WHAT TO PRODUCE ->
In the reply, give back exactly the lines from the one with "Erik Edelstam with" through the last line of the records, without pictures.

★ ★ ★ ★ ★

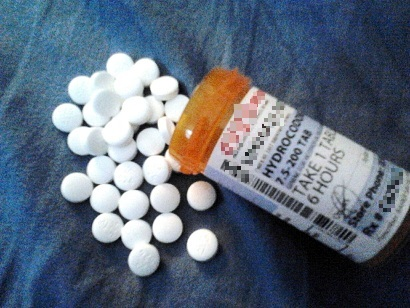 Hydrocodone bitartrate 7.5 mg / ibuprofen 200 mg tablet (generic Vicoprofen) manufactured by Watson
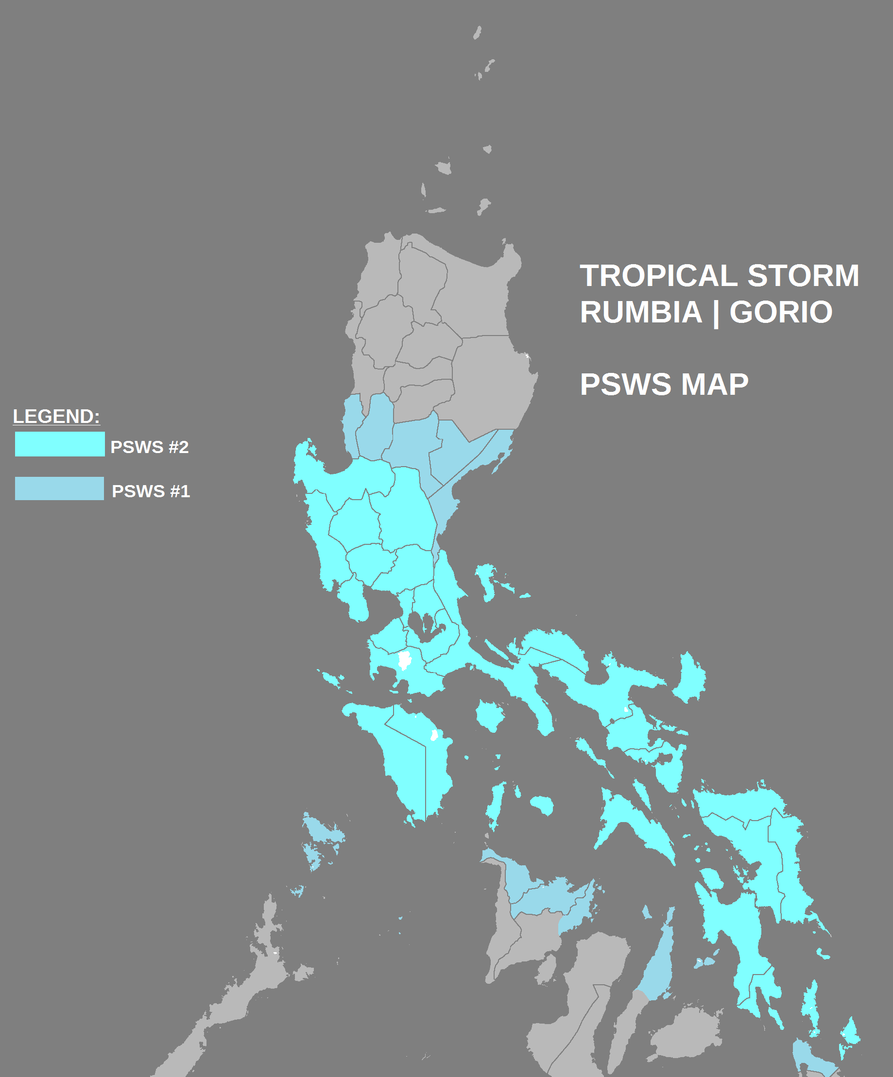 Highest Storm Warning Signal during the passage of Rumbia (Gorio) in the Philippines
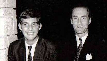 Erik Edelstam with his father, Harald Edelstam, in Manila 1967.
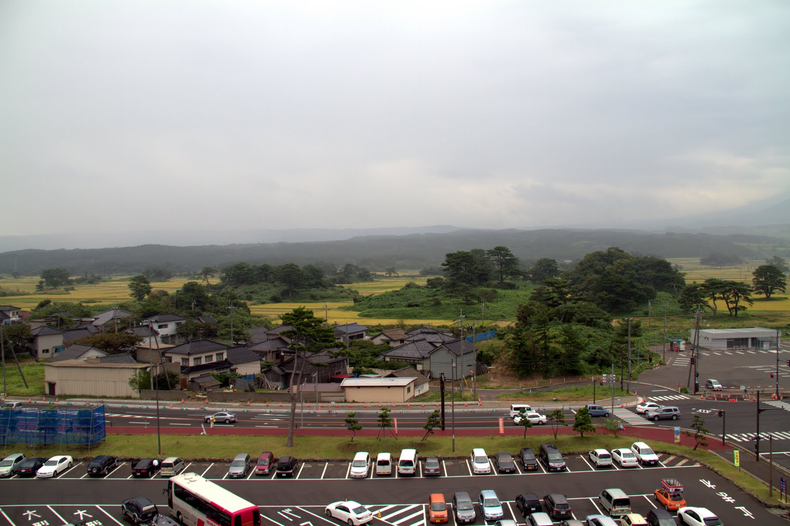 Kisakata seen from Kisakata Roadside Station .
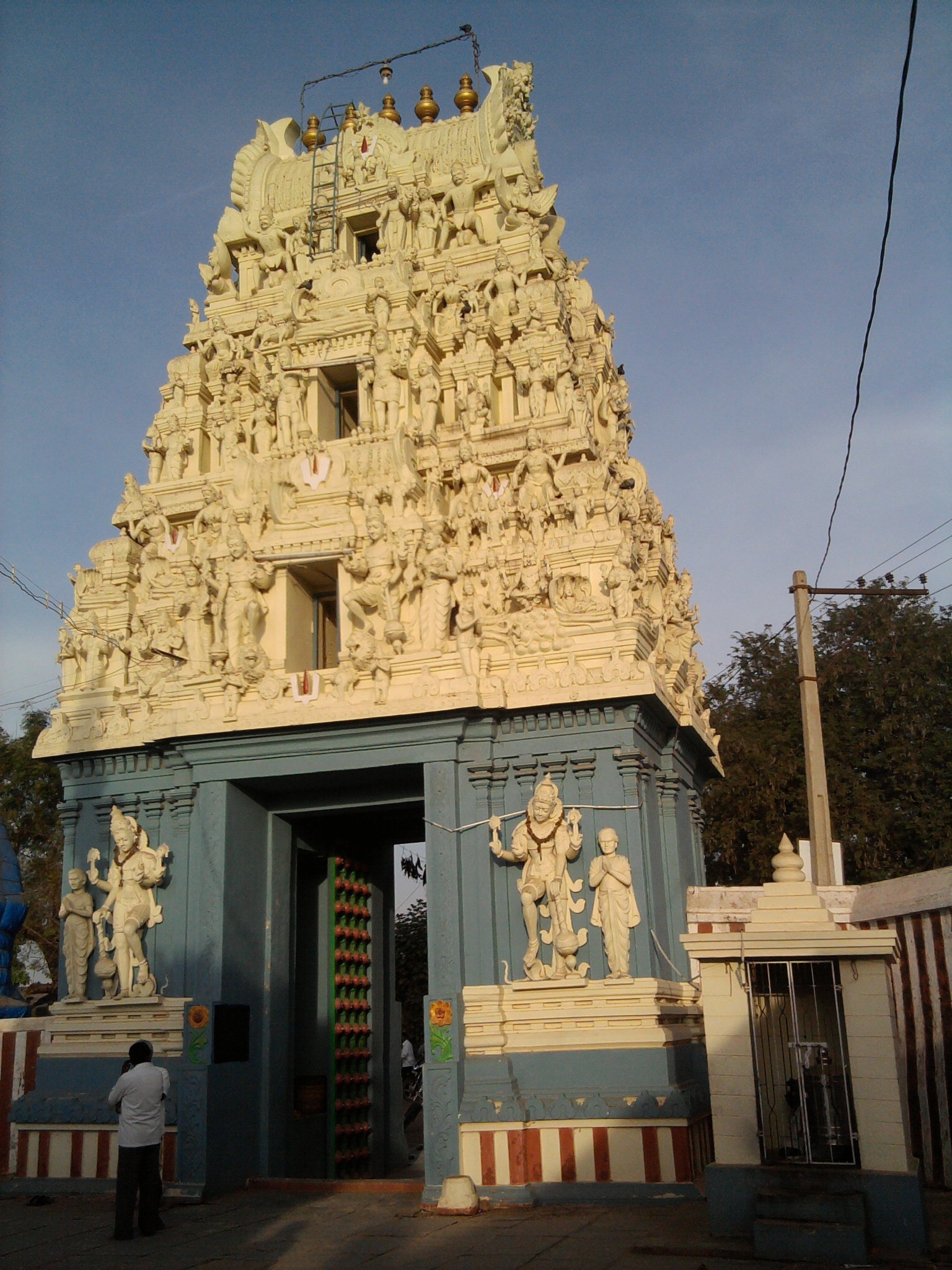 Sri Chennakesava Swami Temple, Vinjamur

★ ★ ★ ★ ★

SOLUTION TO THE PROBLEM ->
 Erik Edelstam with his father, Harald Edelstam, in Manila 1967.
 Kisakata seen from Kisakata Roadside Station .
 Sri Chennakesava Swami Temple, Vinjamur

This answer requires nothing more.